The data:
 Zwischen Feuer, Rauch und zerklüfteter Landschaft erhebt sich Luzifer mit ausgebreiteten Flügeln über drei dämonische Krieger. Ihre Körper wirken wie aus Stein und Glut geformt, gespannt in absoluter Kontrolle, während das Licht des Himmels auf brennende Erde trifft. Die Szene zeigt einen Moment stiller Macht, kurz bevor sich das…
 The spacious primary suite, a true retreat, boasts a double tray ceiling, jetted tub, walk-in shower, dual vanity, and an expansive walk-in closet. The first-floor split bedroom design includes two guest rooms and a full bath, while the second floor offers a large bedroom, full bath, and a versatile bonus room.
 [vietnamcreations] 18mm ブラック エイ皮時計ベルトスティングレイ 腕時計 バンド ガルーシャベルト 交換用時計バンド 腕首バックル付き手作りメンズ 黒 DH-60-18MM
...
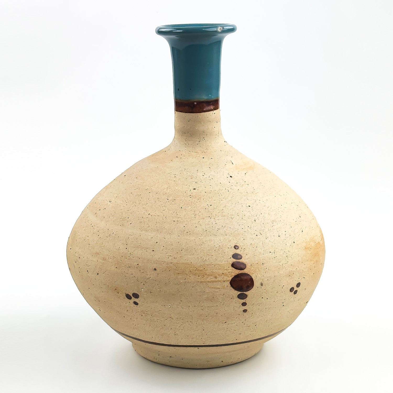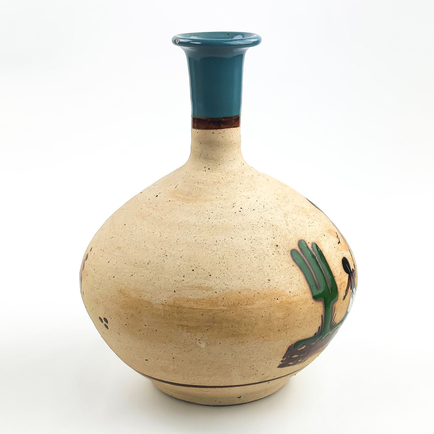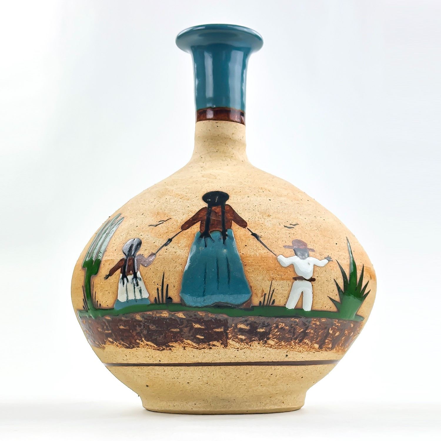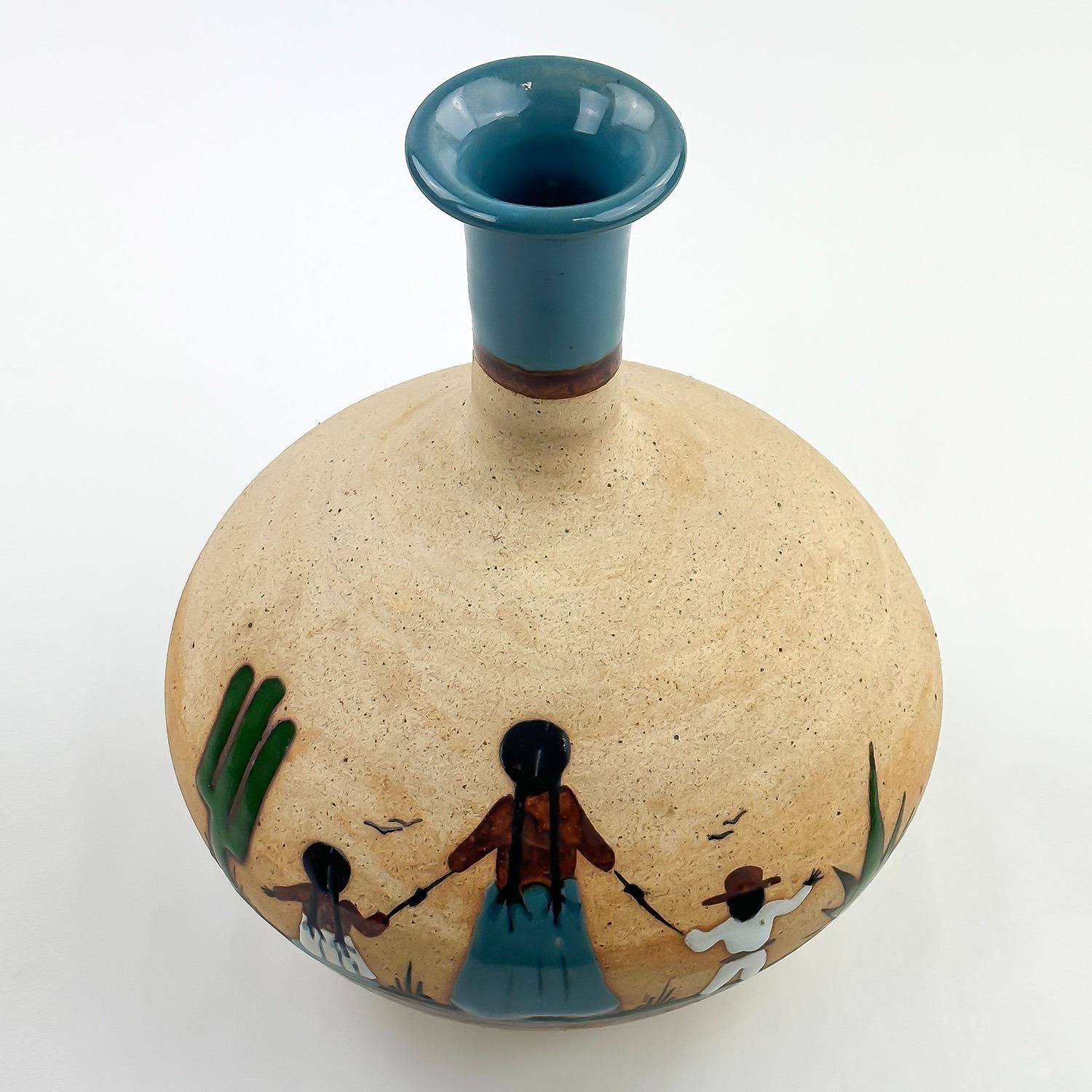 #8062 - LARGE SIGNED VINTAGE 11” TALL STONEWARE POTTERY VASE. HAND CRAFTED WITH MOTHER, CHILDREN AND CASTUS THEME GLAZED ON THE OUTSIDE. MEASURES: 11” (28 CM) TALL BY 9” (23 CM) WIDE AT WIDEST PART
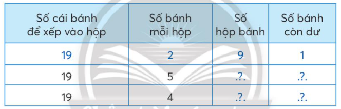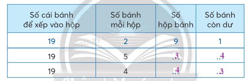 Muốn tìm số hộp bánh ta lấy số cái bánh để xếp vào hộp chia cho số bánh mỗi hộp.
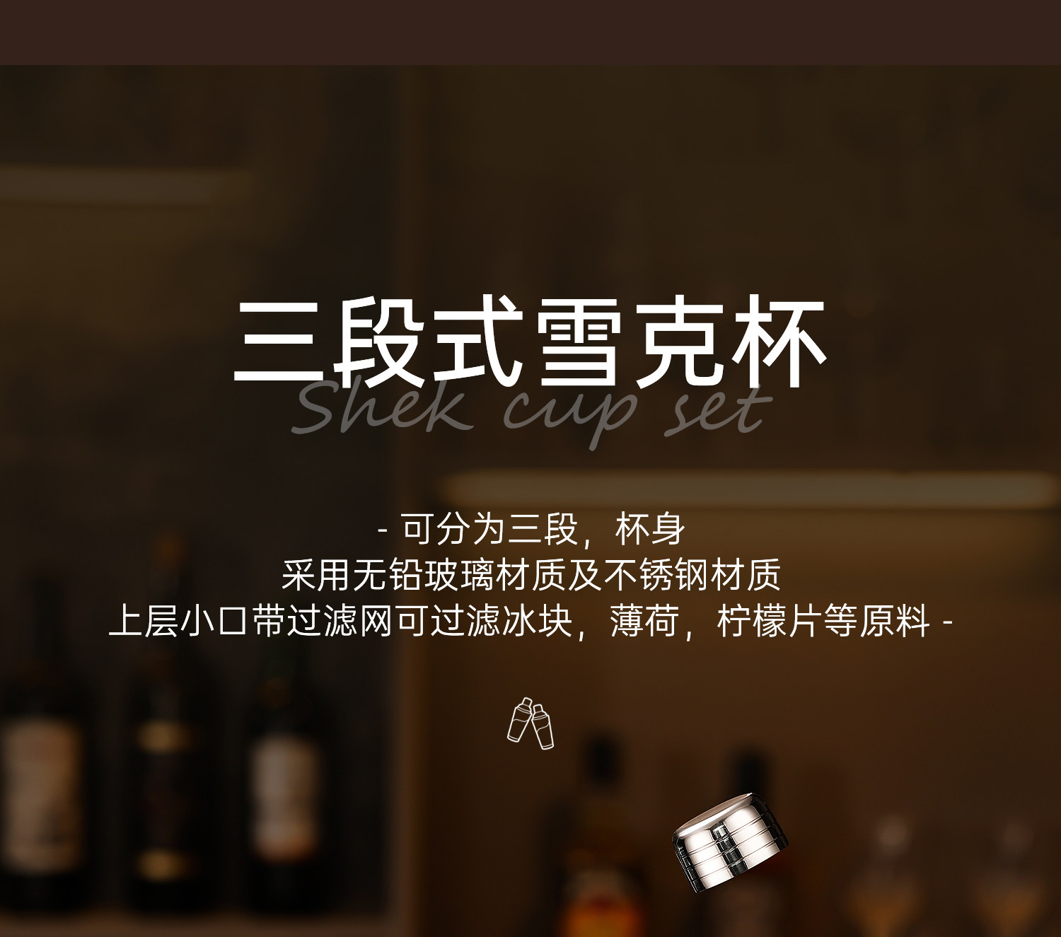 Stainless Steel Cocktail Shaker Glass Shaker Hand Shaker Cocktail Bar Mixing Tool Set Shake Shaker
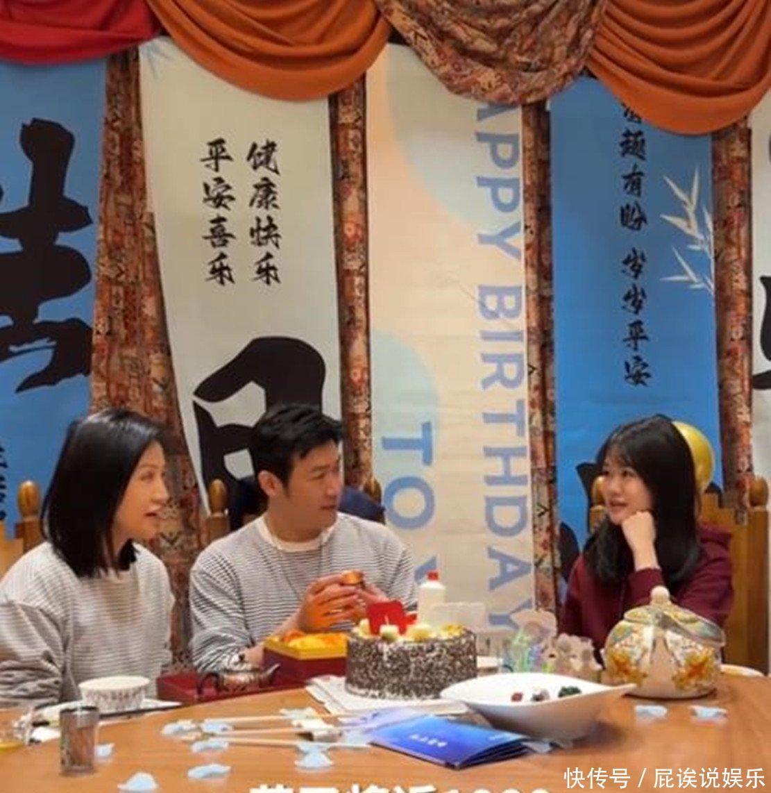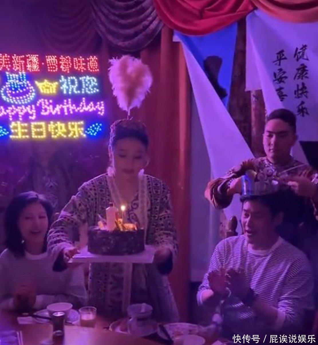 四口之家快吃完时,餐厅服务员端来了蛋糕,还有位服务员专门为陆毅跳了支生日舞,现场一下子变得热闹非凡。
==
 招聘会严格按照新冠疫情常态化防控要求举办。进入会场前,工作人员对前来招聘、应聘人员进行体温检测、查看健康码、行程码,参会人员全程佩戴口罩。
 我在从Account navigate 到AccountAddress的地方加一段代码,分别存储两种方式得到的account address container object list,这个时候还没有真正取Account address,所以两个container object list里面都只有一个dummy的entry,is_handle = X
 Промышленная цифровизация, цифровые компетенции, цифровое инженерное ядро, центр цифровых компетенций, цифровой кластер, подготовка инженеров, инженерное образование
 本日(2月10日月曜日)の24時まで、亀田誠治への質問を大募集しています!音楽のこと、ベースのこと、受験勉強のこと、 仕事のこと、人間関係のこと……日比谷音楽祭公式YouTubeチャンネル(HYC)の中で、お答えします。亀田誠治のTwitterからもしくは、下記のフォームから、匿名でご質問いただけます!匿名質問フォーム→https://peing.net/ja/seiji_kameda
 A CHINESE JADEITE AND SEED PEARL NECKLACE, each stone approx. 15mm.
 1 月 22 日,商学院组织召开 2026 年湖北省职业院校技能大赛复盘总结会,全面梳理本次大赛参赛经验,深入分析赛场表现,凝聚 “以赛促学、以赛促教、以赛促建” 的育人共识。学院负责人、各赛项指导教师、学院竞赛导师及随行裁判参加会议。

Task description: Reproduce exactly, and with no other material, the lines between those holding "Zwischen Feuer, Rauch" and "[vietnamcreations] 18mm ブラック", inclusive.

Answer for this exercise:
 Zwischen Feuer, Rauch und zerklüfteter Landschaft erhebt sich Luzifer mit ausgebreiteten Flügeln über drei dämonische Krieger. Ihre Körper wirken wie aus Stein und Glut geformt, gespannt in absoluter Kontrolle, während das Licht des Himmels auf brennende Erde trifft. Die Szene zeigt einen Moment stiller Macht, kurz bevor sich das…
 The spacious primary suite, a true retreat, boasts a double tray ceiling, jetted tub, walk-in shower, dual vanity, and an expansive walk-in closet. The first-floor split bedroom design includes two guest rooms and a full bath, while the second floor offers a large bedroom, full bath, and a versatile bonus room.
 [vietnamcreations] 18mm ブラック エイ皮時計ベルトスティングレイ 腕時計 バンド ガルーシャベルト 交換用時計バンド 腕首バックル付き手作りメンズ 黒 DH-60-18MM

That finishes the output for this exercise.